*** INPUT DATA ***
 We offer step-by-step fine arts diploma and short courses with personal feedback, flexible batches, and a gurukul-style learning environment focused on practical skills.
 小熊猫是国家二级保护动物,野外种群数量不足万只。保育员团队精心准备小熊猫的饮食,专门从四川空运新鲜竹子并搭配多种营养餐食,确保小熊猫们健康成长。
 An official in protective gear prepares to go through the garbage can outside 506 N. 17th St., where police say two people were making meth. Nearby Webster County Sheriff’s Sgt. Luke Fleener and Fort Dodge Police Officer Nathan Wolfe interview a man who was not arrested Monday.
***
*** INPUT DATA ***
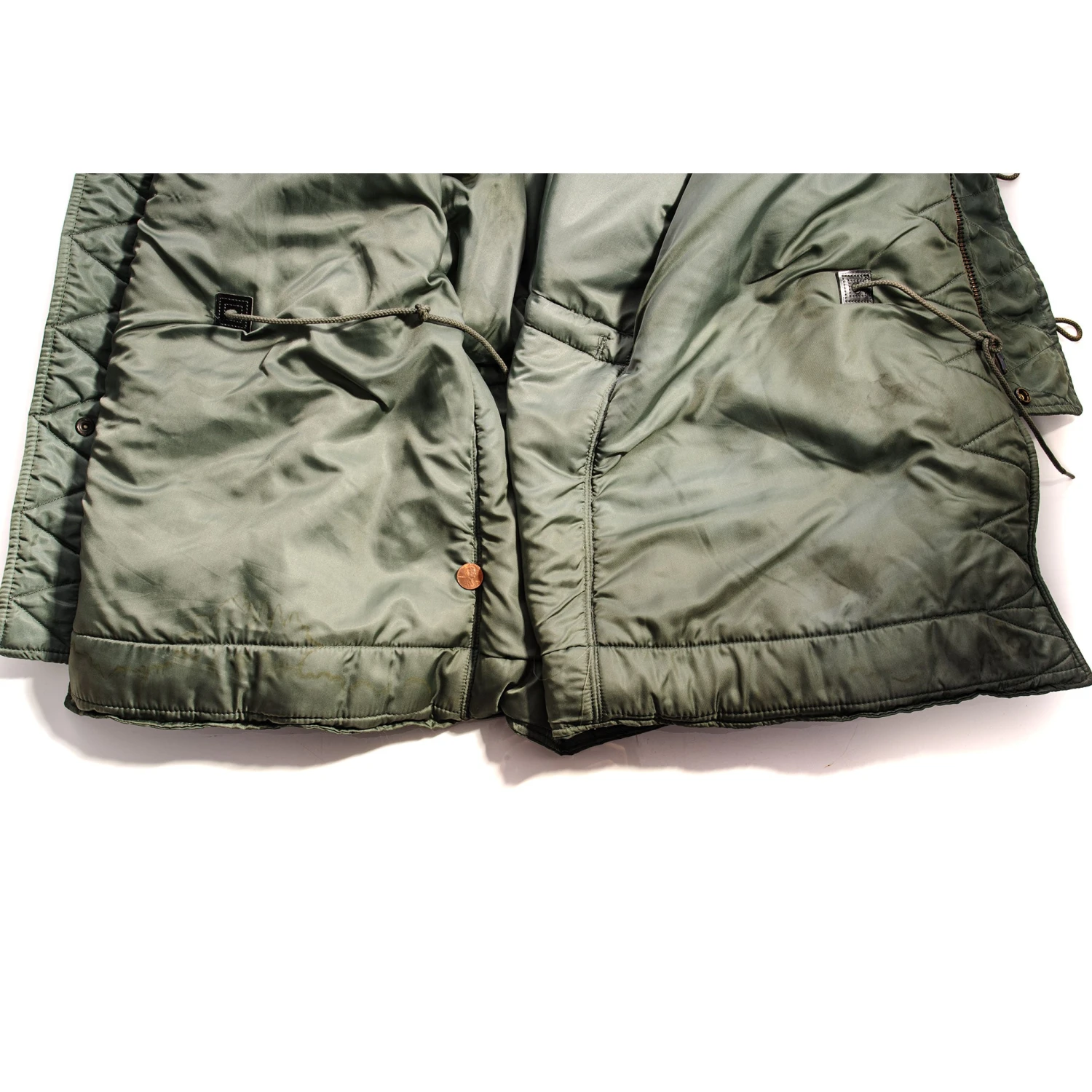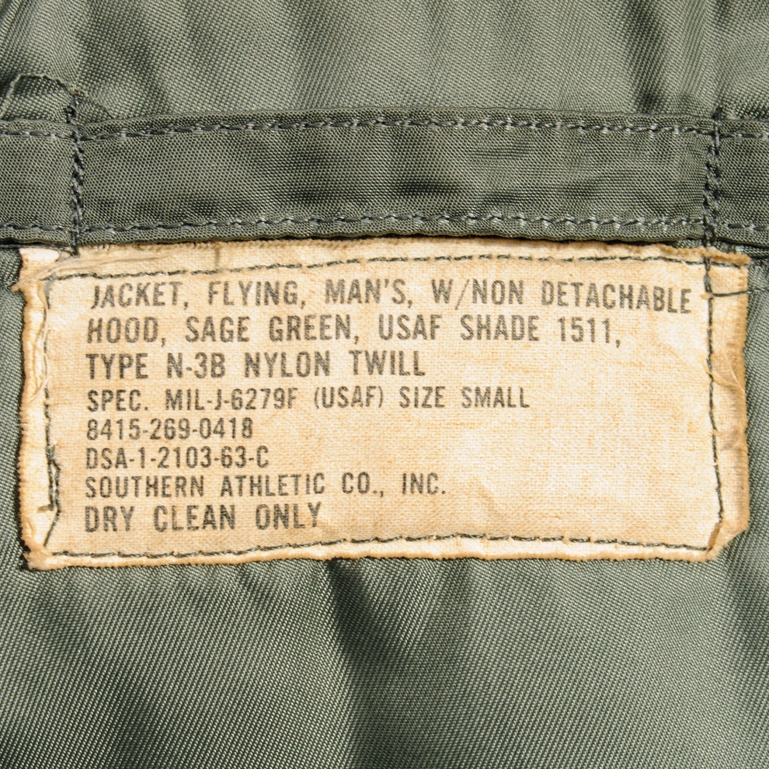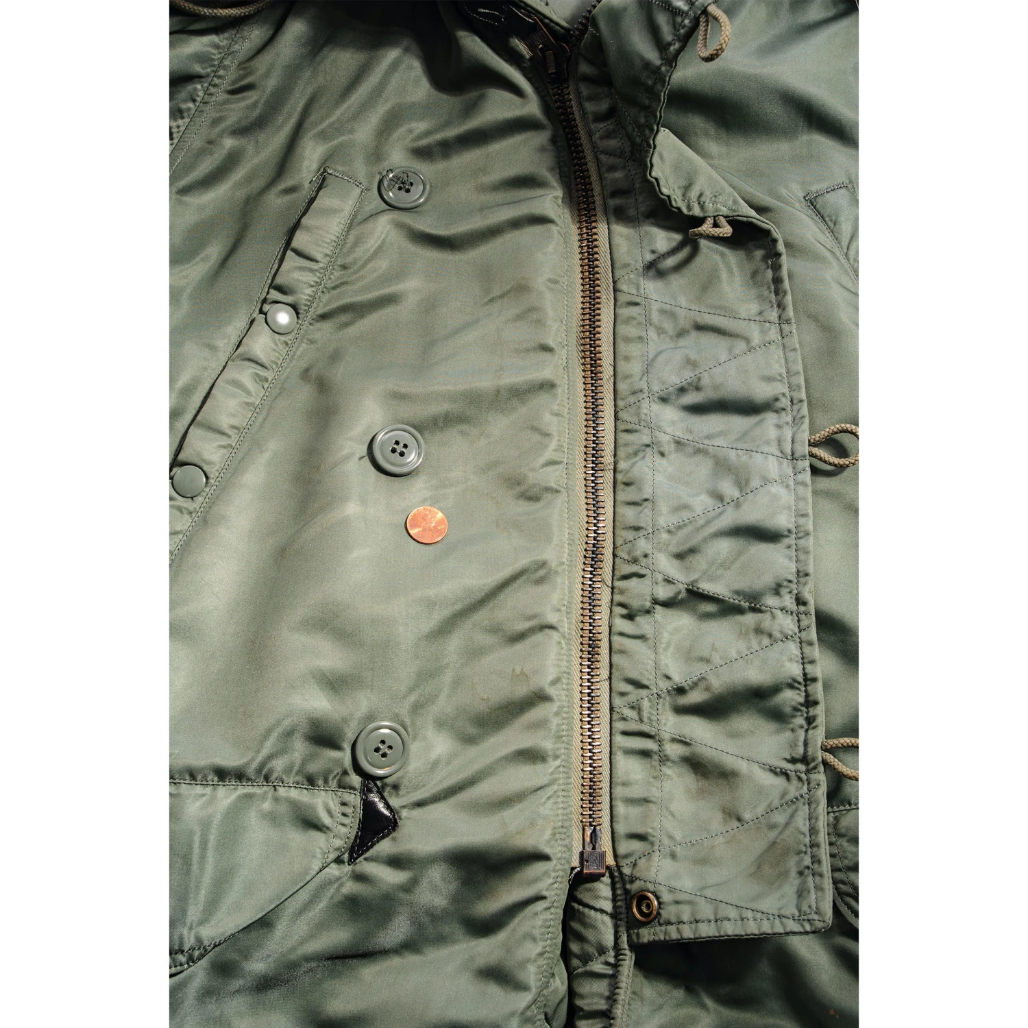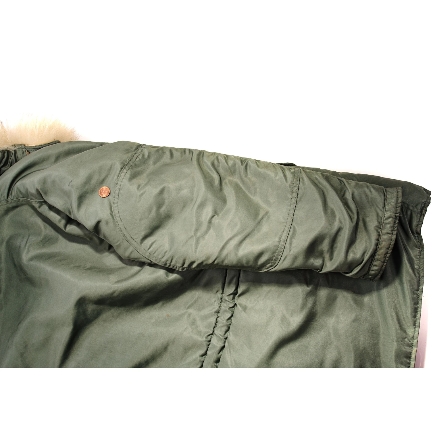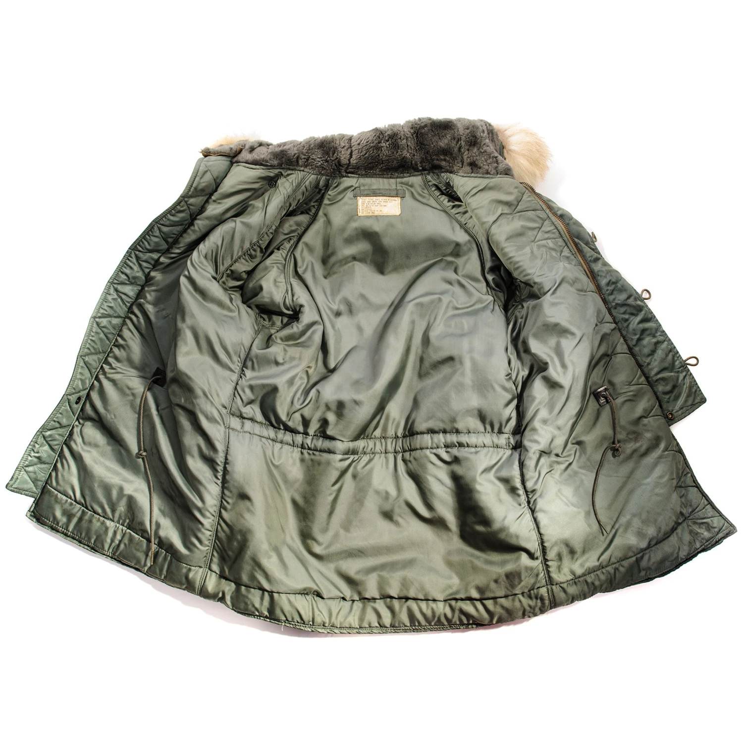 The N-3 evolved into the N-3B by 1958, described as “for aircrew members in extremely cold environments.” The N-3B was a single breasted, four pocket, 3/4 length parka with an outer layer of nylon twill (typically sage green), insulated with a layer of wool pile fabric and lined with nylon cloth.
***
*** INPUT DATA ***
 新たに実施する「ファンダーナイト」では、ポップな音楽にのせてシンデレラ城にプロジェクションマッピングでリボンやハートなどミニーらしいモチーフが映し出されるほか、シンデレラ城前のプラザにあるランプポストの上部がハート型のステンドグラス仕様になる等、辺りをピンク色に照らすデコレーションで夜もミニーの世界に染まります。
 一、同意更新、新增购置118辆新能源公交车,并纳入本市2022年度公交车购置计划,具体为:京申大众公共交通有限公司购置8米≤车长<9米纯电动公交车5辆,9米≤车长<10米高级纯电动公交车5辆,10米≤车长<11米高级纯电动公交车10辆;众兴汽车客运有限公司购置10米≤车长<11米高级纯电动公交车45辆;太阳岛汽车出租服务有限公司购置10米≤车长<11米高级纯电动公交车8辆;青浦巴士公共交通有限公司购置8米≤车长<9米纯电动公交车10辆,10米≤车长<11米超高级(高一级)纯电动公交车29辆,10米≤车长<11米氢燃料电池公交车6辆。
***
Once you find the line with "We offer step-by-step" above, print it and every line after it up to and including the line with "小熊猫是国家二级保护动物,野", exactly as written and nothing else.

*TASK SOLUTION:*
 We offer step-by-step fine arts diploma and short courses with personal feedback, flexible batches, and a gurukul-style learning environment focused on practical skills.
 小熊猫是国家二级保护动物,野外种群数量不足万只。保育员团队精心准备小熊猫的饮食,专门从四川空运新鲜竹子并搭配多种营养餐食,确保小熊猫们健康成长。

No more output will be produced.